Among the lines of the listing below, retype exactly those from the one containing "レーダードーム館着。雲は多い" through the one containing "2025年4月10日下午,由", both included. Do not include pictures.

---

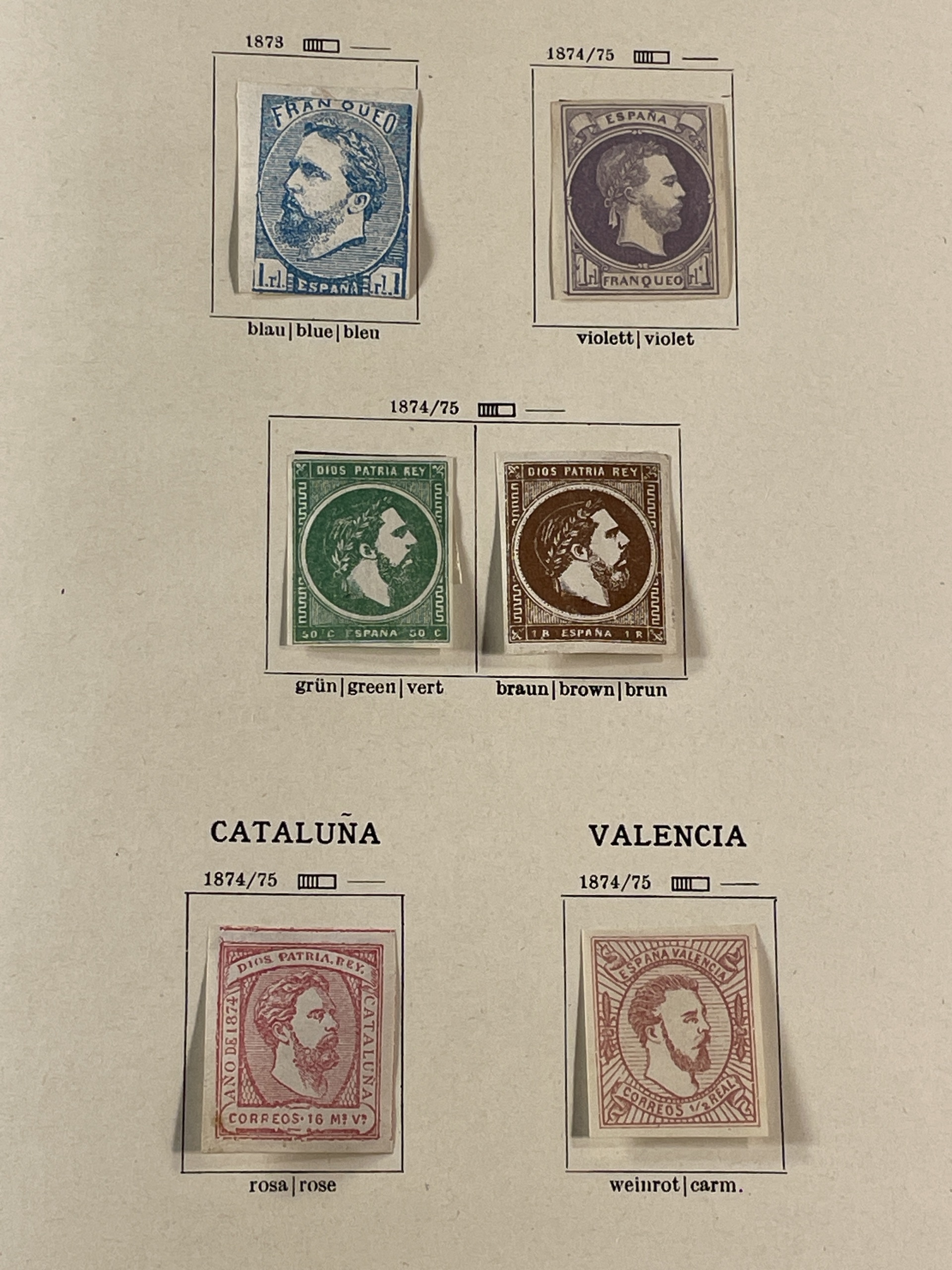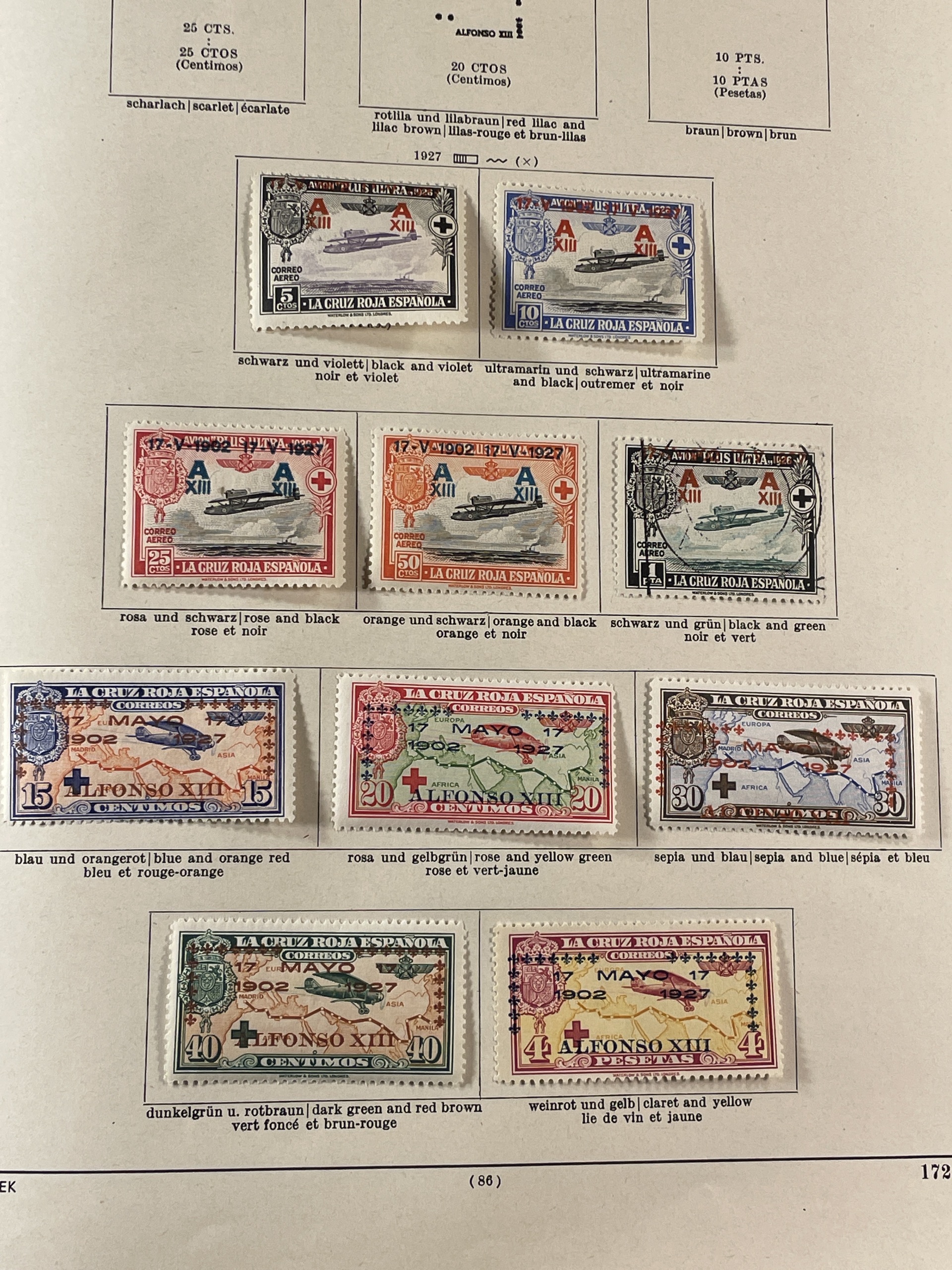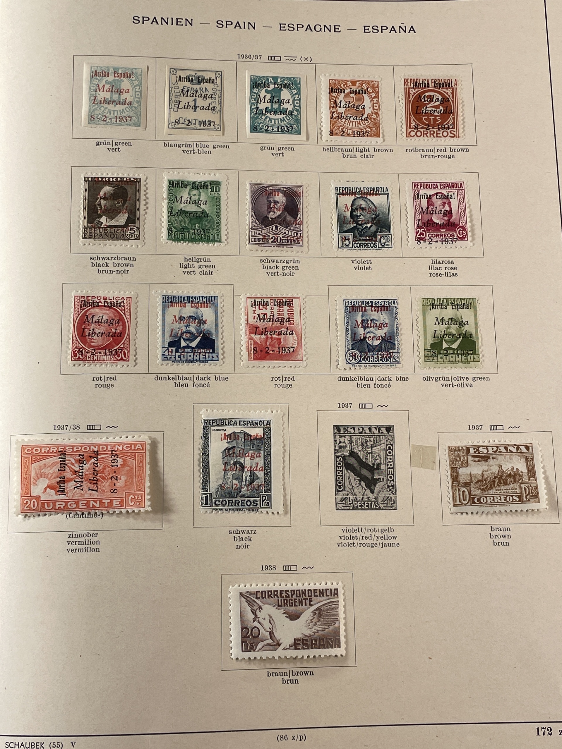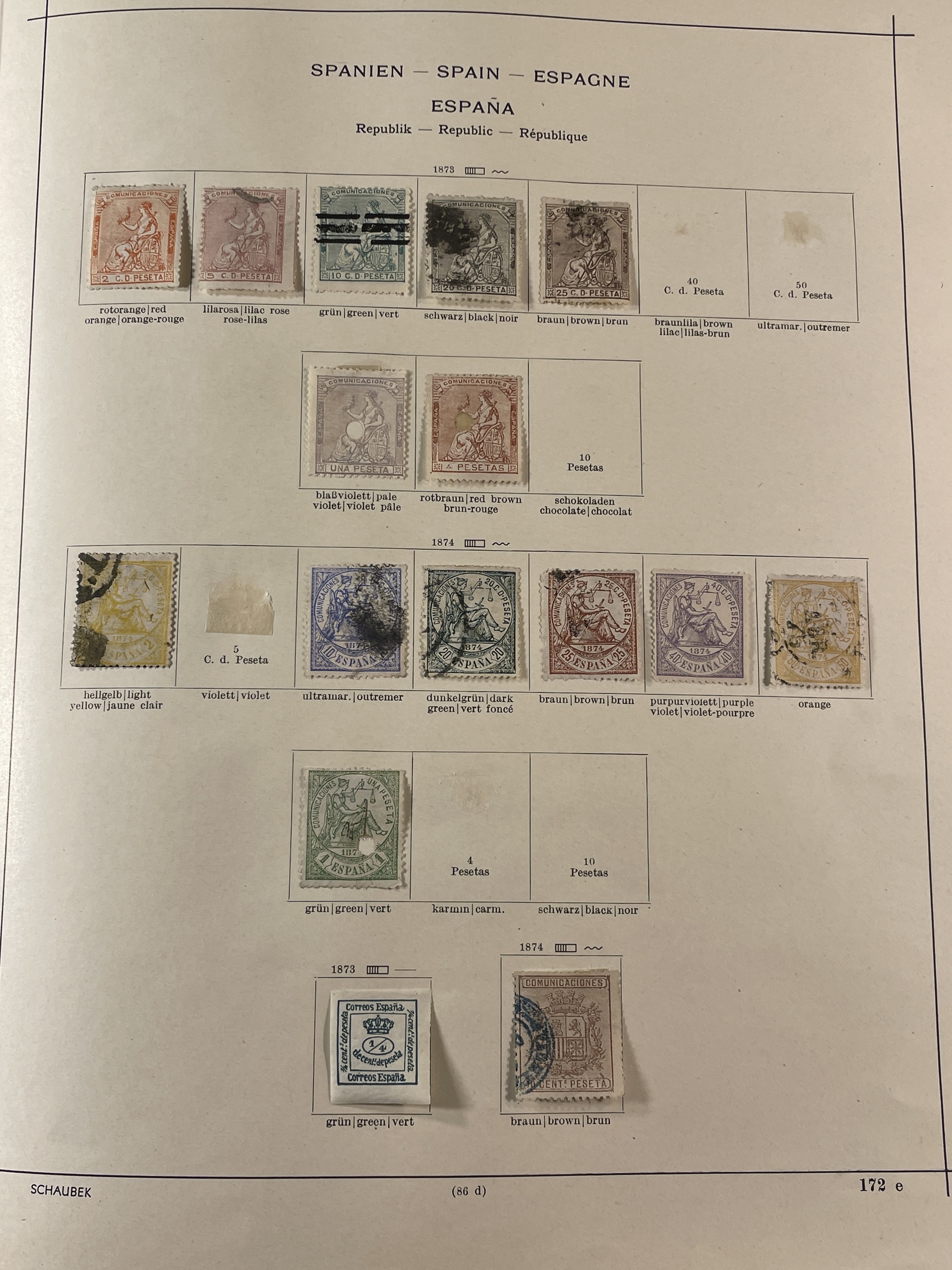 Spain. Collection ★/⊙ 1851–1955 in old album. Plundered years ago, but several better remains. Some unused are glued to the sheets. Mixed quality.
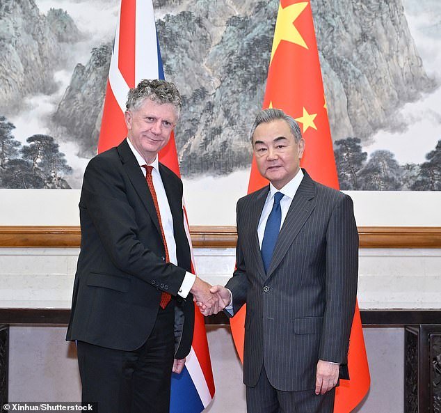 Jonathan Powell, doradca Keira Starmera ds. bezpieczeństwa narodowego, z ministrem spraw zagranicznych Chin Wang Li w Pekinie w lipcu
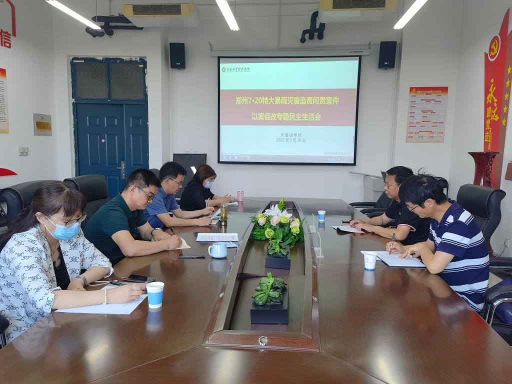 根据校党委下发的《关于深刻汲取“7.20” 特大暴雨灾害追责问责案件教训开展以案促改专题民主生活会的通知》文件精神和校纪委统一安排部署,5月26日上午,ok138cn太阳集团古天乐党委召开“7·20”特大暴雨灾害追责问责案件以案促改专题民主生活会。校纪委巡察组组长齐玉民、校纪委第三纪检监察室主任袁凤友列席指导。学院领导班子成员参加会议,会议由院党委书记胡先锋主持。
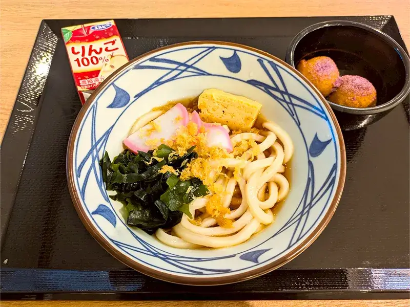 わが子は丸亀製麺のもちもちセットを注文。うどんは冷たいのと温かいのを選べるほか、ジュースと「うどーなつ」がついてきます。もちもちの「うどーなつ」が美味しすぎて、単品でおかわりを注文しました笑
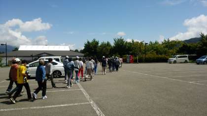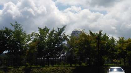 レーダードーム館着。雲は多いですが、さわやかな風、きれいな空気…。これから館内で、富士山の学習です。
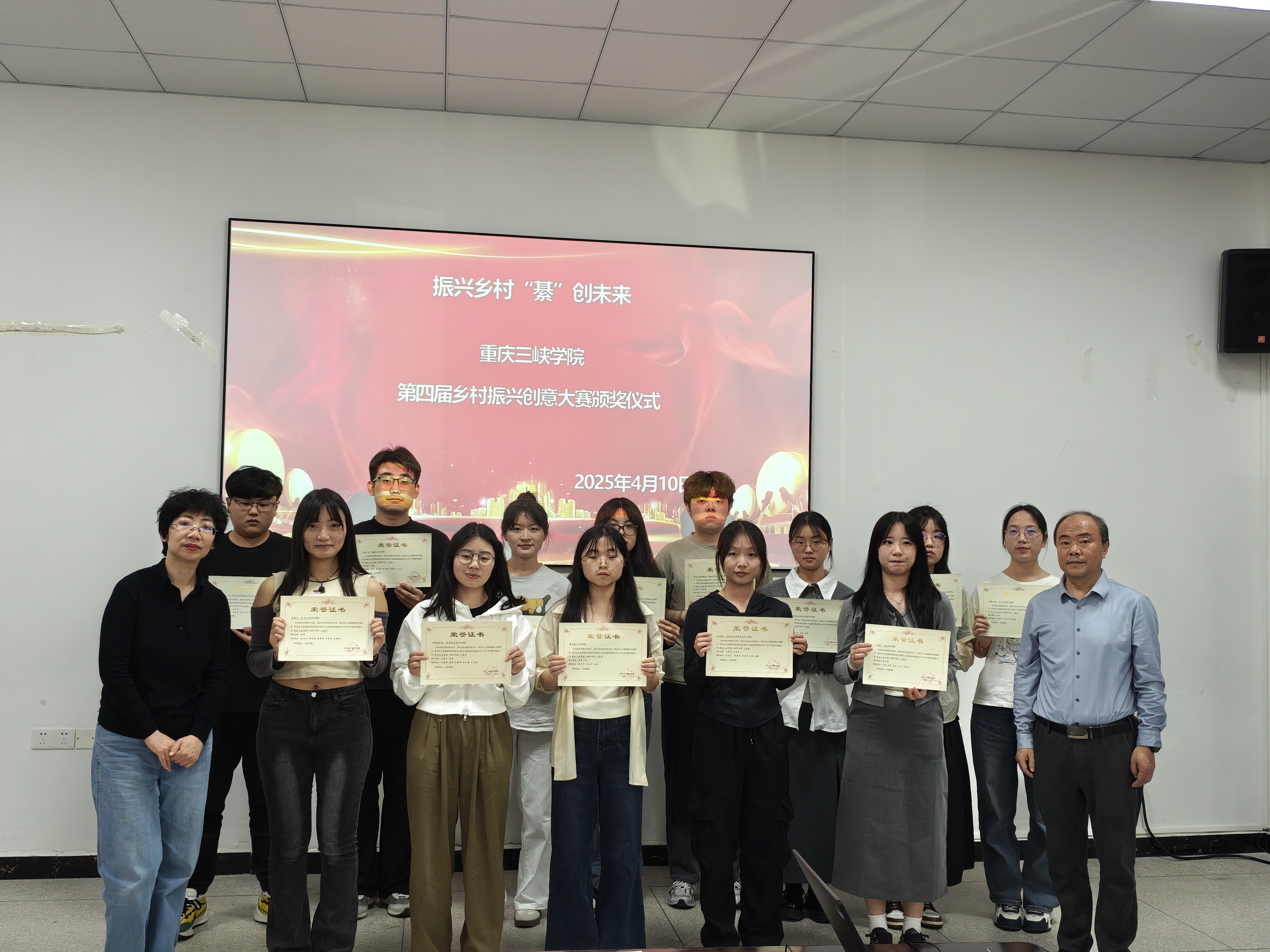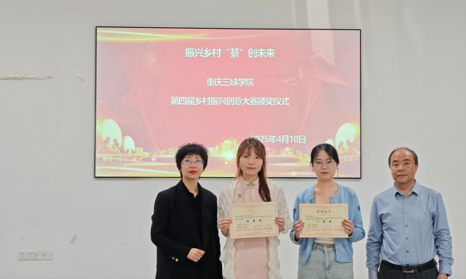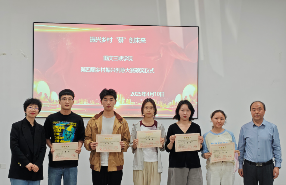 2025年4月10日下午,由教务处主办,太阳成tyc7111cc承办的重庆三峡学院第四届乡村振兴创意大赛颁奖仪式在博学3栋112会议室举办。太阳成tyc7111cc副院长冉璐主持颁奖仪式,教务处副处长秦刚应邀出席。
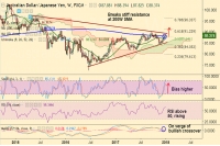 AUD/JPY has shown breakout at stiff resistance at 200W SMA at 88.04, bias higher. Technical studies support further upside. We now see scope for test of 89.40 levels (trendline). The pair has shown break of...
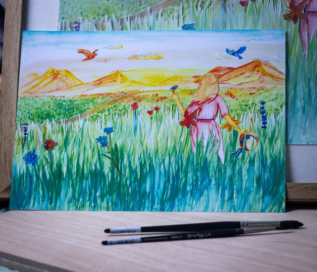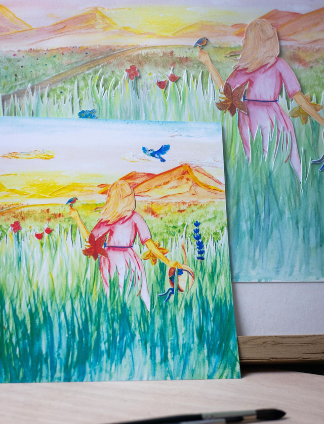 L’œuvre évoque un instant de calme et de contemplation, un moment suspendu où la nature et l’humain respirent à l’unisson. Chaque détail invite à la sérénité, à la poésie, et à cette sensation fragile de liberté silencieuse.
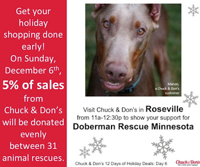 We are thrilled to be the beneficiary of Chuck & Don’s! Stop in and shop during open hours at any location in Minnesota on December 6th and 5% of your purchase will be donated to 31 different rescues! Each organization will receive an equal part of 5%, so please encourage your friends and family to shop on December 6th!
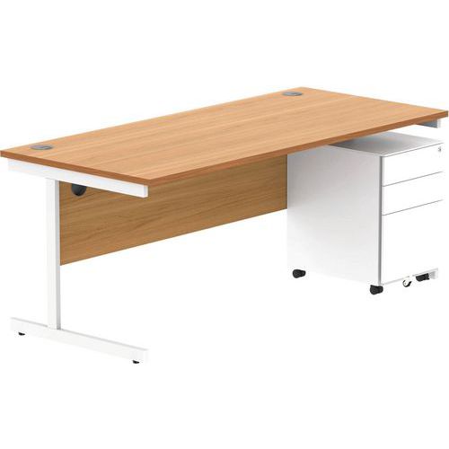Rectangular Desk And 3 Drawer Pedestal Bundle - WxD 1800x800mm - CORE
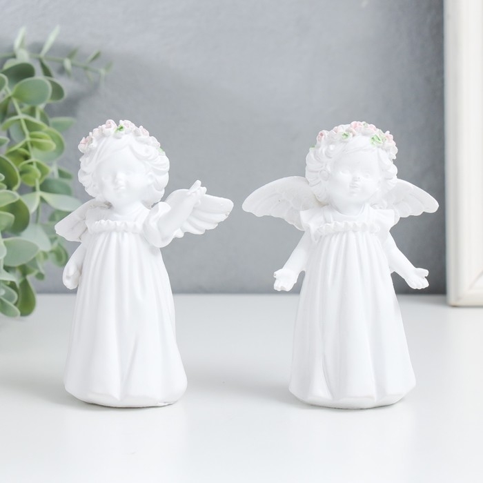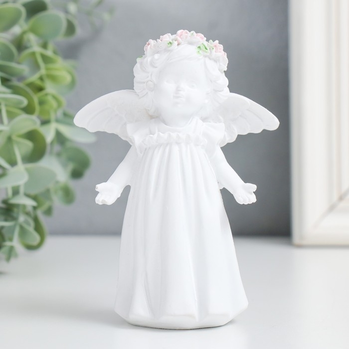 Сувенир полистоун "Малышка-ангелок - встреча" белоснежный" МИКС 8,5х5х11,3 см
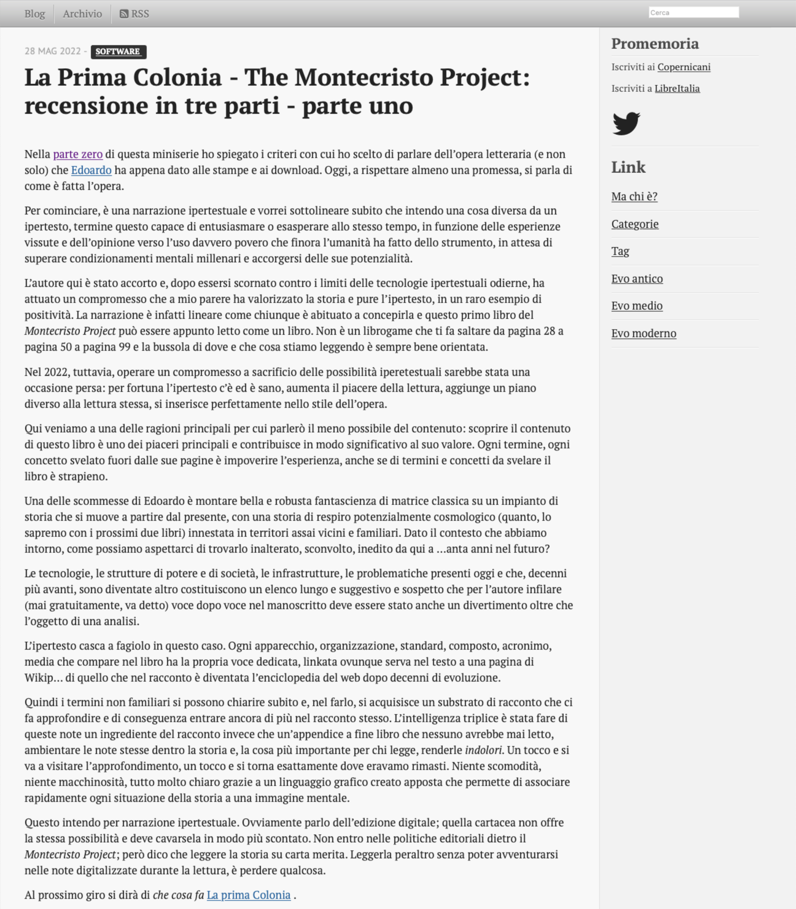 Questo intendo per narrazione ipertestuale. Ovviamente parlo dell’edizione digitale; quella cartacea non offre la stessa possibilità e deve cavarsela in modo più scontato. Non entro nelle politiche editoriali dietro il Montecristo Project; però dico che leggere la storia su carta merita. Leggerla peraltro senza poter avventurarsi nelle note digitalizzate durante la lettura, è perdere qualcosa.

---

> [EXERCISE RESPONSE]
 レーダードーム館着。雲は多いですが、さわやかな風、きれいな空気…。これから館内で、富士山の学習です。
 2025年4月10日下午,由教务处主办,太阳成tyc7111cc承办的重庆三峡学院第四届乡村振兴创意大赛颁奖仪式在博学3栋112会议室举办。太阳成tyc7111cc副院长冉璐主持颁奖仪式,教务处副处长秦刚应邀出席。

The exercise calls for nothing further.